Menurutnya, dialah yang lebih mulia daripada Adam, karena itu Allah telah salah karena menyuruhnya sujud kepada makhluk yang lebih rendah daripada dirinya.
Akibat perbuatannya itu, ia pun harus merasakan kerendahan dan kehinaan. Allah berfirman:
فَاخْرُجْ مِنْهَا فَإِنَّكَ رَجِيمٌ وَإِنَّ عَلَيْكَ اللَّعْنَةَ إِلَى يَوْمِ الدِّينِ
“Keluarlah engkau dari surga! Sesungguhnya engkau adalah makhluk yang terkutuk. Dan sungguh kutukan-Ku tetap atasmu sampai hari pembalasan.” (QS. Al-Hijr: 34-35)

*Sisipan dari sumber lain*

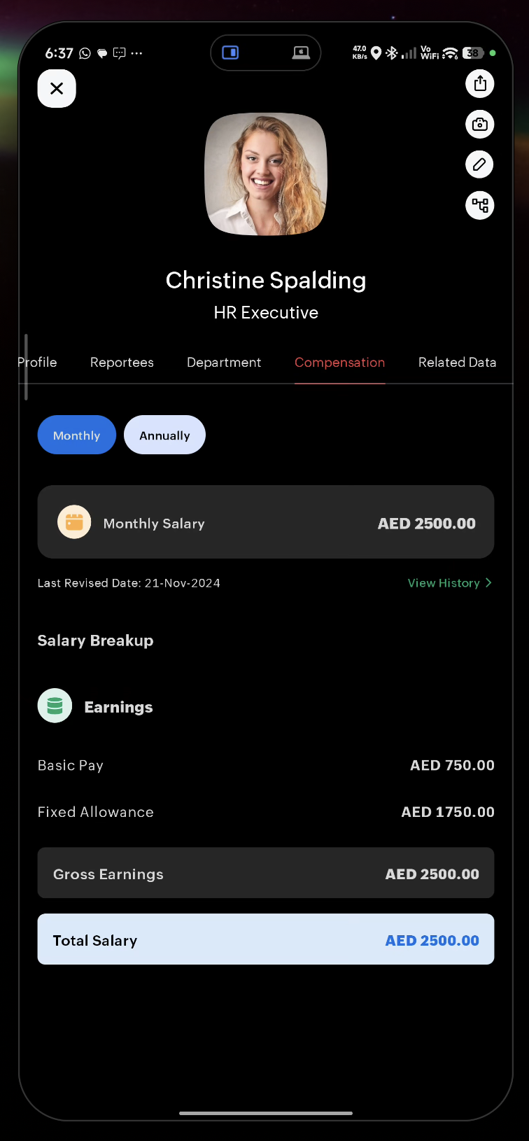 - Department — View department head, sub-departments, and associated employees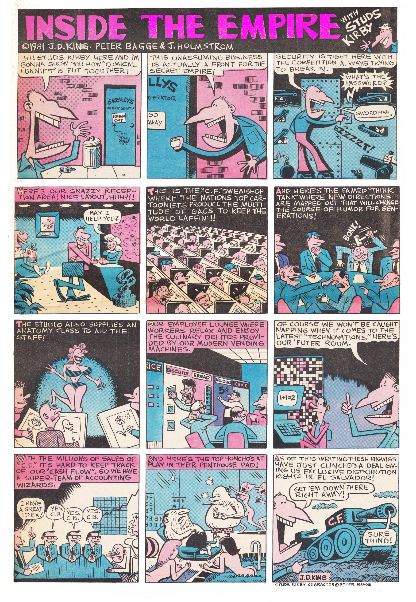 In Cooke's The Book of Weirdo, King said: "In 1980, after six years of trying to get published in underground comix, I got a break when I joined the Comical Funnies crew that's emerged from the wreckage of PUNK magazine: John Holmstrom, Peter and Doug Bagge, Bruce Carlton, and Ken Weiner. I hopped on board the second issue with some reprints of stuff I'd done for the Village Voice, circa. 1978."

Kesalahan Iblis itu sangatlah besar. Namun, kalau ia mau bertobat kepada Allah atas kesalahannya itu, tentu Allah akan mengampuninya. Sebab, Allah Maha Pengampun lagi Maha Penyayang. Namun sayangnya, ia berputus asa dari rahmat Allah.
Ia melanjutkan kedurhakaannya. Ia berkata kepada Allah:
فَأَنْظِرْنِي إِلَى يَوْمِ يُبْعَثُونَ
“Berilah penangguhan kepadaku sampai hari mereka dibangkitkan!” (QS. Al-Hijr: 36).
Ia ingin membalas dendam kepada Adam.
Dan ia juga berkata:
بِمَا أَغْوَيْتَنِي لَأُزَيِّنَنَّ لَهُمْ فِي الْأَرْضِ وَلَأُغْوِيَنَّهُمْ أَجْمَعِينَ
“Karena Engkau telah menyesatkanku, maka sungguh, akan kujadikan kemaksiatan terasa indah bagi mereka di bumi, dan akan kusesatkan mereka semuanya.” (QS. Al-Hijr: 39)
Ia melanjutkan kedurhakaannya dengan menuduh Tuhannya telah menyesatkannya!
Selain itu, sudah salah, ia juga mengajak orang lain agar salah seperti dirinya. Maka, makin bertumpuklah kesalahannya!
Berarti, kesalahan Iblis dimulai ketika ia hasad kepada Adam. Kemudian hasad mendorongnya untuk takabur yakni merasa diri lebih mulia daripada Adam. Lalu sikap takabur mendorongnya untuk enggan memenuhi perintah Allah agar bersujud kepada Adam.
Kemudian setelah Allah melaknat dan mengusirnya dari surga, ia tidak segera bertobat. Ia malah berputus asa dan menaruh dendam kepada Adam. Bahkan, ia menuduh Allah telah berbuat zalim kepadanya dengan menyesatkannya. Selain itu, yang membuat kesalahannya makin parah yaitu ia mengajak selain dirinya agar berbuat salah seperti dirinya.
Siberut, 13 Jumada Al-Ulaa 1445
Abu Yahya Adiya
Sumber:
1. Adhwa Al-Bayaan Fii Iidhaah Al-Quran bi Al-Quran karya Muhammad Al-Amin Asy-Syinqithi.
2. Al-Fawaatih Al-Ilahiyyah wa Al-Mafaatih Al-Ghaibiyyah Al-Muwadhdhihah Li Al-Kalim Al-Quraniyyah wa Al-Hikam Al-Furqaniyyah karya An-Nakhjuwaani.
3. Qishshatu Adam ‘Alaihissalaam Fii Al-Quran Al-Kariim Dirasah Maudhu’iyyah karya Lathifah Taisiir Mahmud Mahaamiid.
4. Taisiir Al-Kariim Ar-Rahmaan Fii Tafsiir Kalaam Al-Mannaan karya ‘Abdurrahman As-Sa’di.
5. Tafsiir Al-Maraghi karya Ahmad Al-Maraghi.